Let me back up. About a year ago, we really were NOT ok, not at all. Life had caught up with us and was trying to defeat us. We realized that for several years "change" was the name of the game in our lives. Now there was nothing on the horizon that was going to change and we had to figure out how to live normally with each other instead of in the mode of change. We had previously always been ready to engage in another adventure like having a child, stopping a job, starting a new job, moving homes, having another child, another job change, another child, etc.
We decided to talk with a counselor (gulp- did I just tell that to the blog world?) and it was a great decision. I was very reassured after our first visit with him when he said, "Most couples I deal with already have one OR two feet out the door. The fact that you two are not in that position and are wanting to work on your marriage before it gets close to that is a very positive sign."
One of the things that he told us was to have the attitude that "We're not ok," because the moment that you think you ARE ok and that things are good, you let yourself slide. With that mindset you stop working on your marriage and start focusing inward. It's like the alcoholic who thinks s/he is doing ok and will be just fine to have one drink. As we all know, this would not be ok. Marriage is the same. As soon as you think "We're fine," that's the moment you start to NOT be ok.
We've been applying what we've learned from our counselor for several months now. In all honesty, it was actually a few months after our last visit that things actually started to really turn around. I really had to take "letting go of control" to a whole new level and Jeremiah had to take "stepping it up" to a whole new level.
Jeremiah mentioned the other day that we weren't ok and it kind of took me off guard... This is usually MY point of view ;) But then he reminded of me what Dr. A had said and I was delightfully appreciative of his perspective. He is proving to take our counselors words to heart and apply them in our marriage and family.
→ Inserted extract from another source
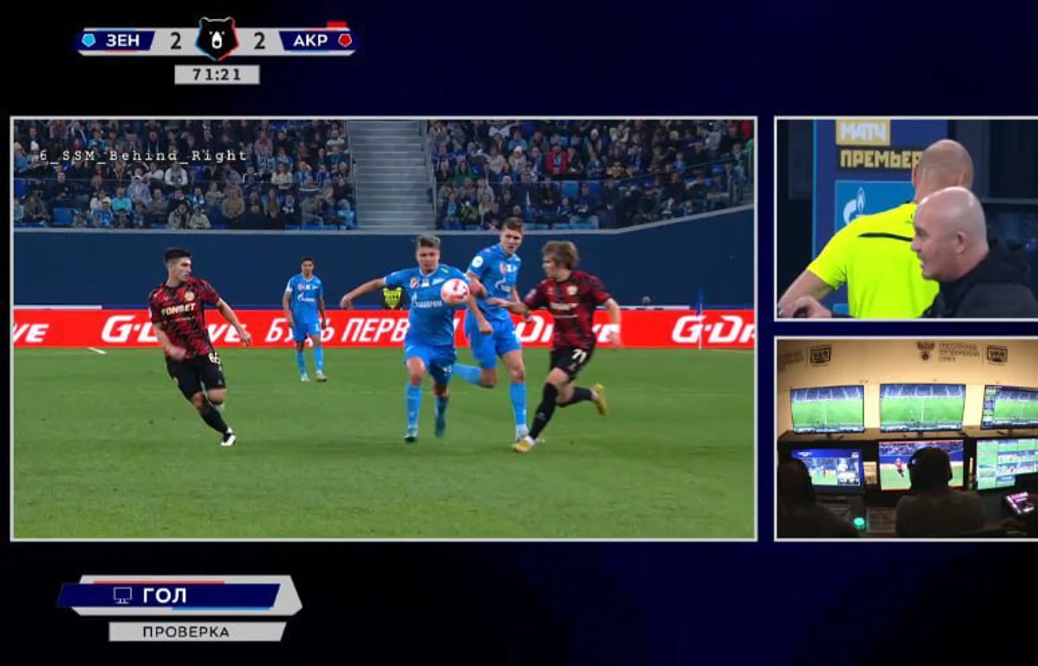 Москалев с ВАР отменил два гола «Зенита» «Акрону» – на 69-й и 98-й. Перед мячами Кассьерры и Гонду была игра рукой
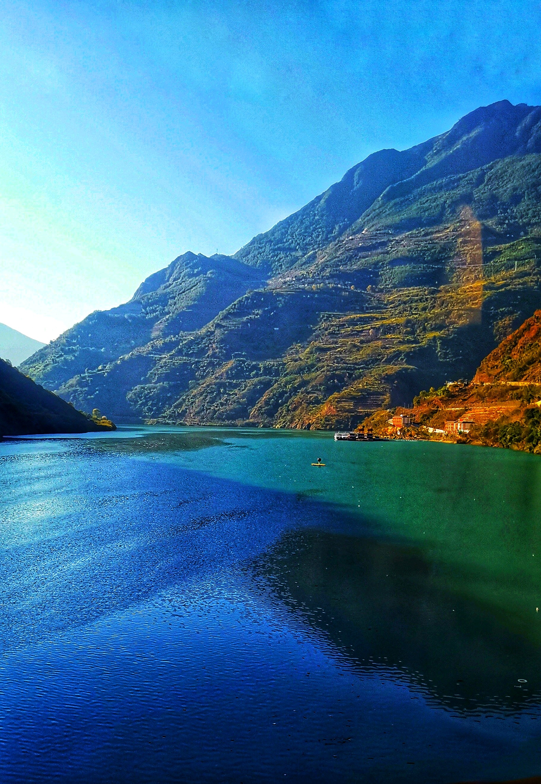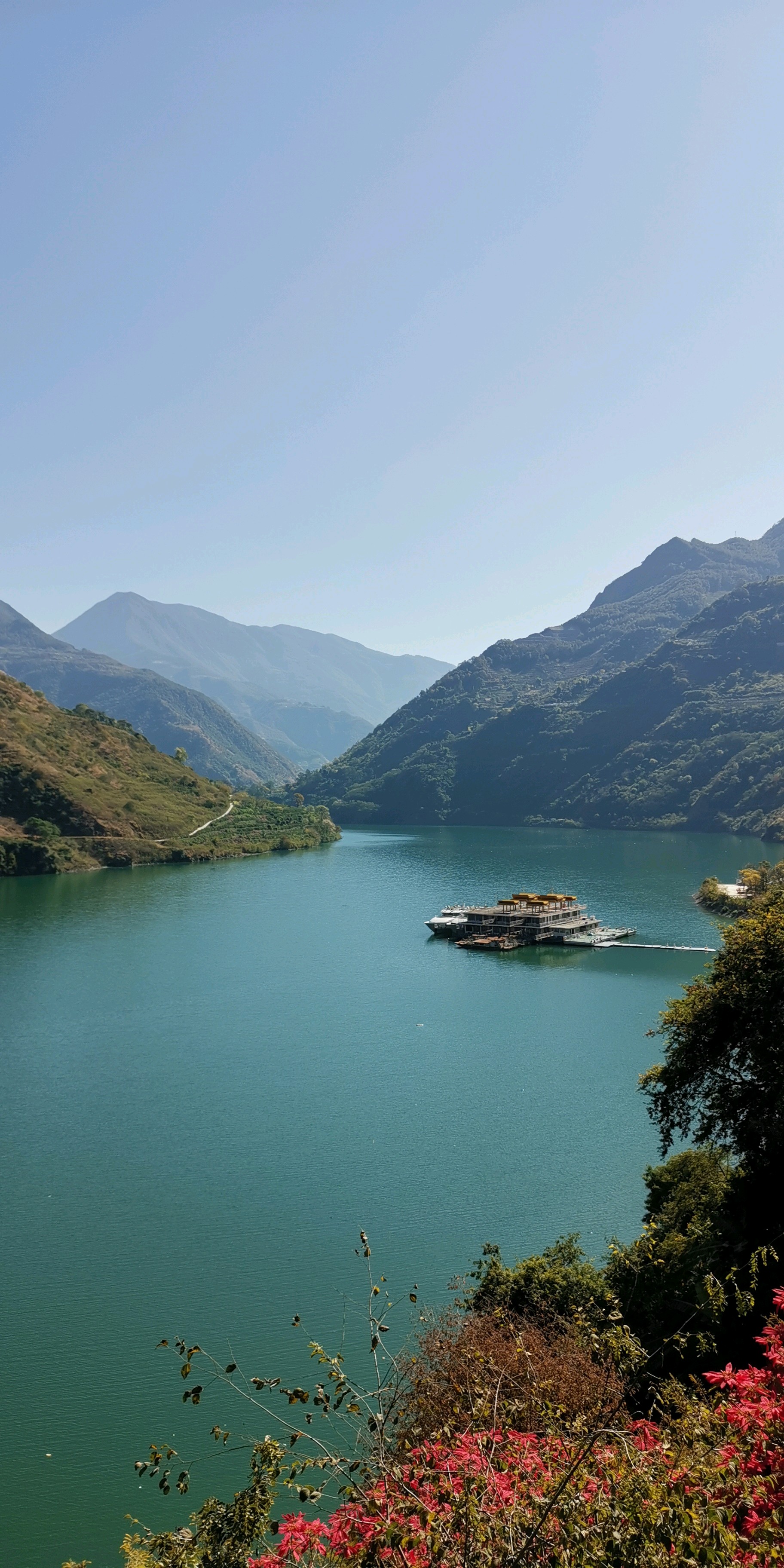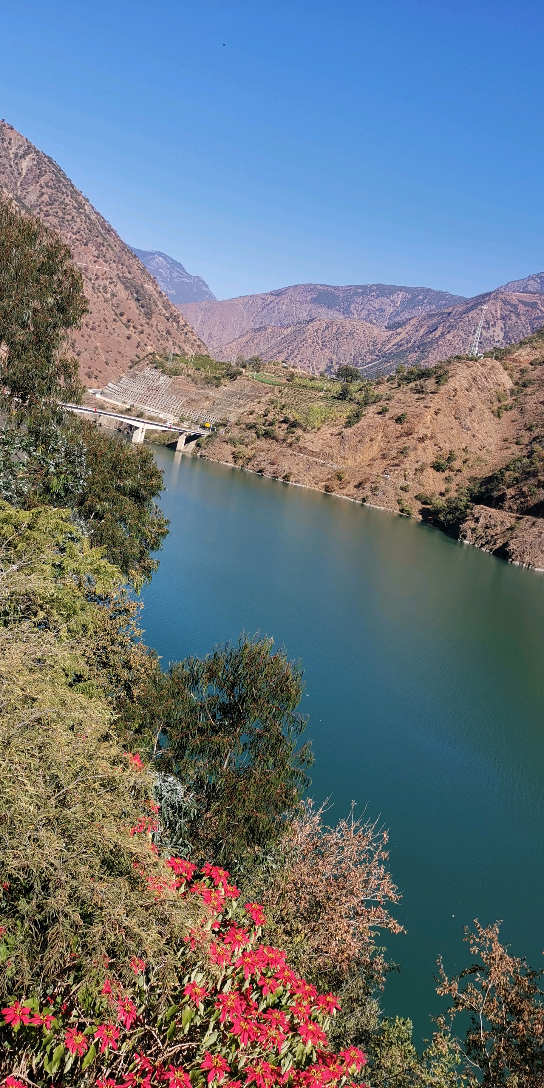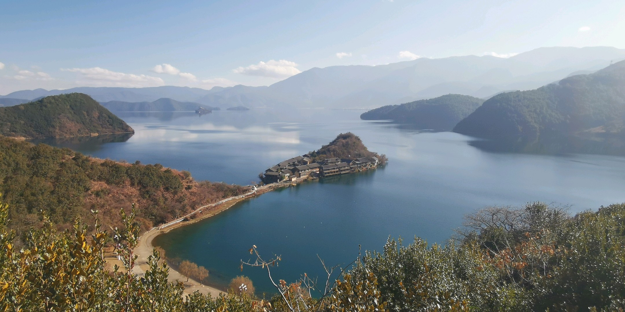 蜿蜒曲折的山路,碧绿的湖水,构成了一幅美丽的山水画卷。

I always hesitate to write or say stuff like this because I have that feeling that the other shoe will then drop shortly thereafter. This time I'm choosing to name and claim it baby! And all the while, I'll continue praying that no other shoes ever drop :) But if they do, we'll make it. Neither of us is leaving and we're in this for the long haul.
2 comments:
Thanks for your insight and "keeping in real" as I like to say. I love that about our generation, we like to keep it real. I am happy to repot that Jeff and I are also "not alright" and faced with stepping up to our faults each and everyday in order to keep things life from defeating us over here :)
Must be that time of year?! We were just talking the other evening briefly about us and another couple we know who are also "not ok", and C said something worth noting (i'll do my best to regurgitate)... There is no such thing as a perfect relationship in the sense that you'd never argue or have any conflicts - the perfect couples are those who can come out on top of those bumps in the road.